All that we say when we say “those were the days” is that these aren’t the days.
I have seen all sorts of copywriting over the years and, no, I’m not about to launch into an advertising equivalent of
“I’ve seen things… seen things you little people wouldn’t believe. Attack ships on fire off the shoulder of Orion bright as magnesium… I rode on the back decks of a blinker and watched C-beams glitter in the dark near the Tannhäuser Gate.”
Because the point that the handsome android is making is that all personal experience is lost at death, and we knew that anyway.
The only truth in this non-story that is vaguely interesting is that copywriting is no longer fashionable, or rather, is going through a period of being unfashionable – and the D&AD are merely reflecting that.
Interestingly, I think they are a little early to write off the writers – no surprise, we’re talking about designers and art directors here, after all.
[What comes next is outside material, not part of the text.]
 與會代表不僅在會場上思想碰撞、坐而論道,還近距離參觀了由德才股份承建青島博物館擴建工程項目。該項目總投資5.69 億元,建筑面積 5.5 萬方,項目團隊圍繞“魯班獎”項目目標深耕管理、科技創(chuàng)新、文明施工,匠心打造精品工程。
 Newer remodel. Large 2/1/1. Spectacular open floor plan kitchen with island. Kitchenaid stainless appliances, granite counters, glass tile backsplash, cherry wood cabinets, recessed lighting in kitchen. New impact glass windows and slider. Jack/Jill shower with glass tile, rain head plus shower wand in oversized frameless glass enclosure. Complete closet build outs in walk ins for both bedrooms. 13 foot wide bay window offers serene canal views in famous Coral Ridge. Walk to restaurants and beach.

We may well be at the height of The Age Of The Image, you can watch the slightly condescending James Fox blithering on about it at great length on BBC Four.
But the height of an age always prefigures its demise.
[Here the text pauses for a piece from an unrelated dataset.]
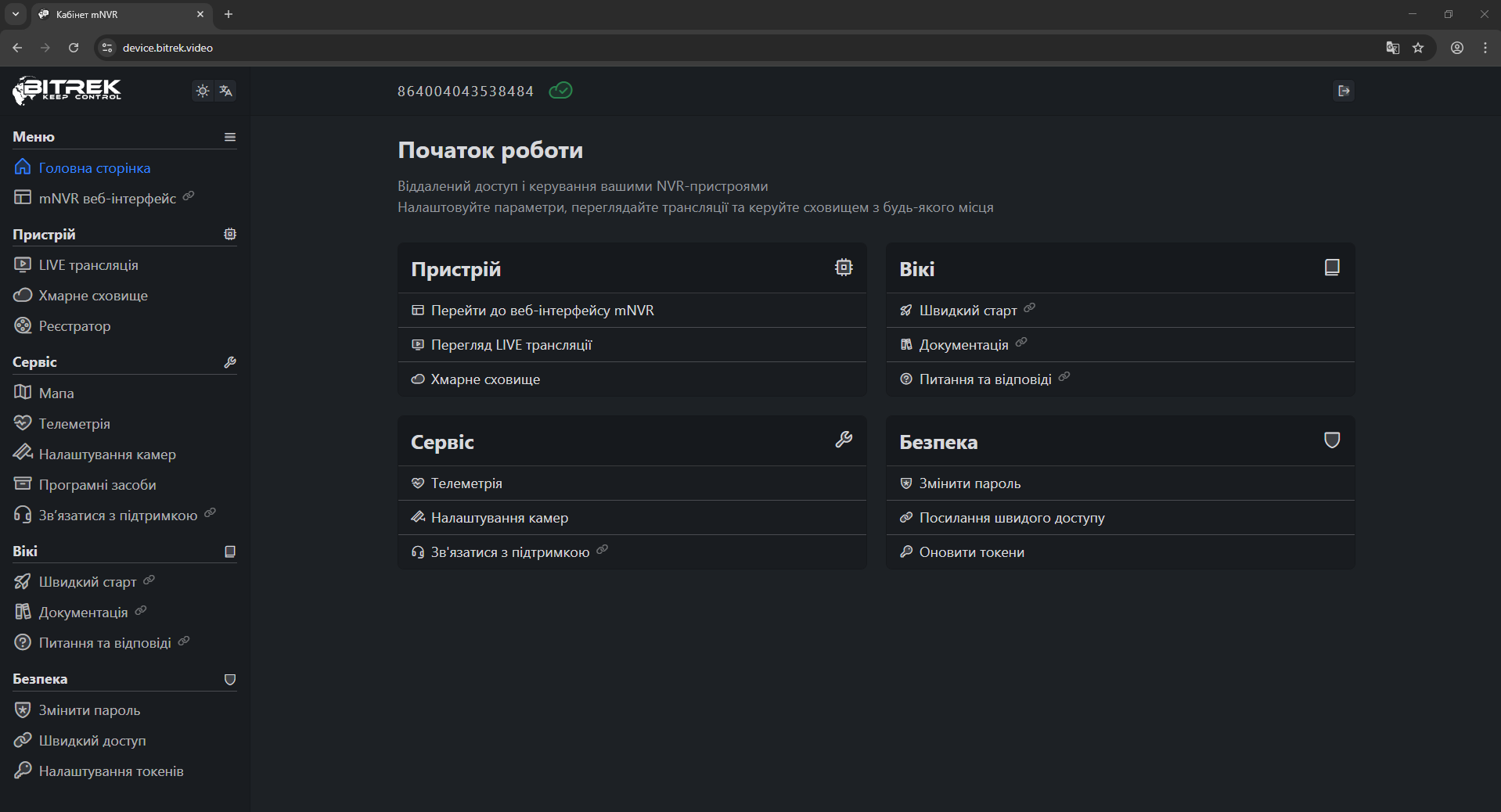 Швидкий старт по підключенню mNVR BITREK

So relax all you disconsolate copywriters and relax Mr Paul Burke (a great radio writer by the way) because it is just possible that we may be about to enter a NEW AGE OF THE SPOKEN WORD.
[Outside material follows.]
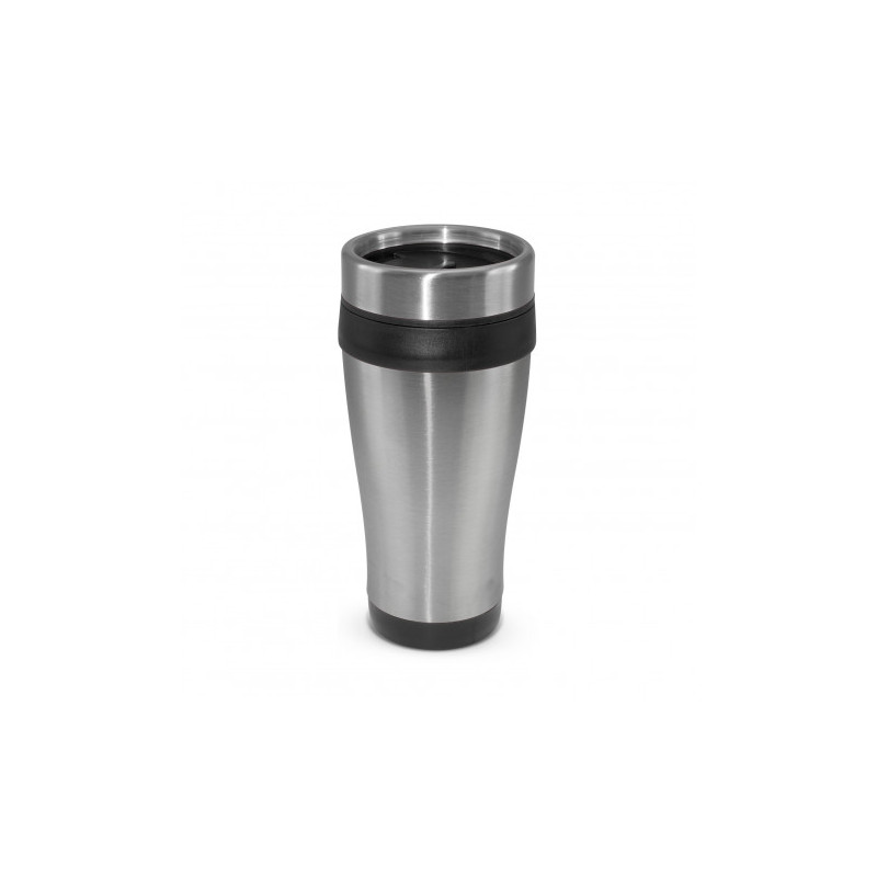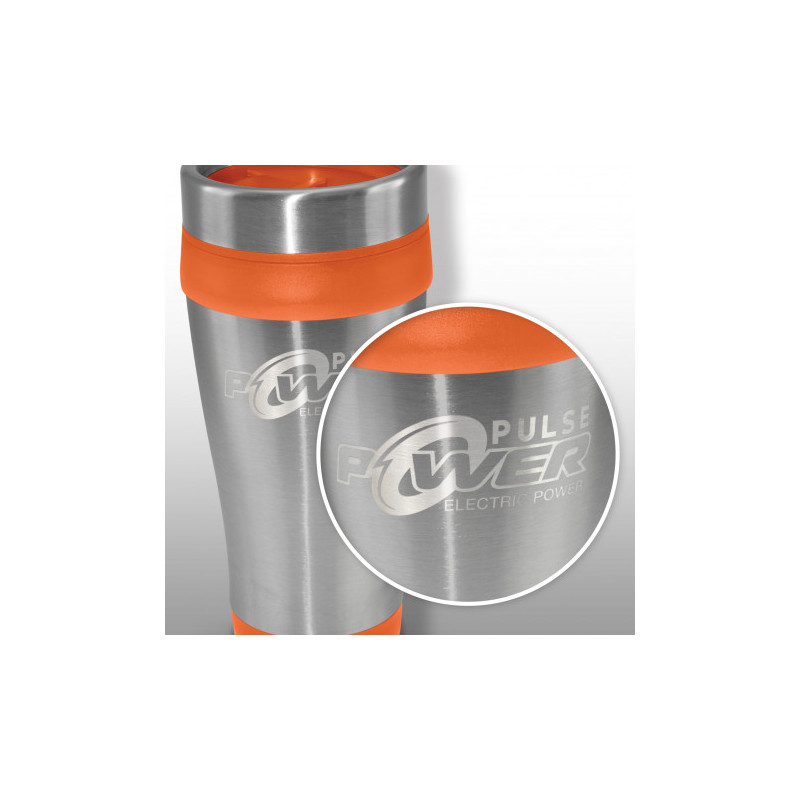 375ml 304 grade stainless steel mug, BPA free double wall with a push-seal plastic lid keeps drinks hot for longer, brush finishing engraves to a natural etch.

Listen to Audible, consider the rise of the Audio Book, look at the massive kudos given to people like George The Poet and Kate Tempest, think of the great outpouring of love for Michael Rosen as he recovers from Covid-19 and you’ll see that good writing hasn’t gone away it is just moving into new categories and new forms.
Besides, I have always felt that, if you step away from that great Panjandrum “THE IDEA’, the best copywriting has always acted in the service of the image.
It was ever thus: my dear, dead father who was a talented salesman, would often quote that hoary old saw (hoary even in his days) that “an ounce of show is worth a pound of tell” and, as far as I can see, nothing has changed since he was flogging fountain pens, pharmaceuticals and golf-clubs in the Sixties and Seventies – or indeed since anyone first tried to flog anything to anyone on the wind-swept plains of Babylon or in the Agora of Sparta.
When Lord McKelvey brought news of the D&AD’s decision to my attention I was immediately struck by the tsunami-like hissy-fit of lamentation and hand-wringing that the announcement provoked in the Twittersphere. Copywriters were falling over each other to bewail the very ‘Death Of Copywriting’ that this column is here to celebrate. After all, these are the same copywriters who give you ‘FUTURE-PROOF YOUR NOW’, ‘ACTUALIZE TOMORROW TODAY’, ‘SEE CAR, BUY CAR’ and the like (all actual examples).
Perhaps copywriters should stop lamenting their declining status and start getting their hands dirty – after all, since planners became ubiquitous, they have effectively stopped thinking about positioning and brand and just fiddled around with words (see above).
Now as someone who takes pleasure from fiddling around with words, I don’t mean to be harsh on my fellow scribblers, but really, for goodness’s sake, why worry about an award that you might only have won had you a brilliant designer or art director at your side – and start worrying about how you are going to make a living.
I suggest you start by writing some excellent headlines, followed by some compelling body copy and round it all off with an irresistible call to action.
Oh and if there’s anyone out there looking for a copywriter, my rates are extremely reasonable and always negotiable.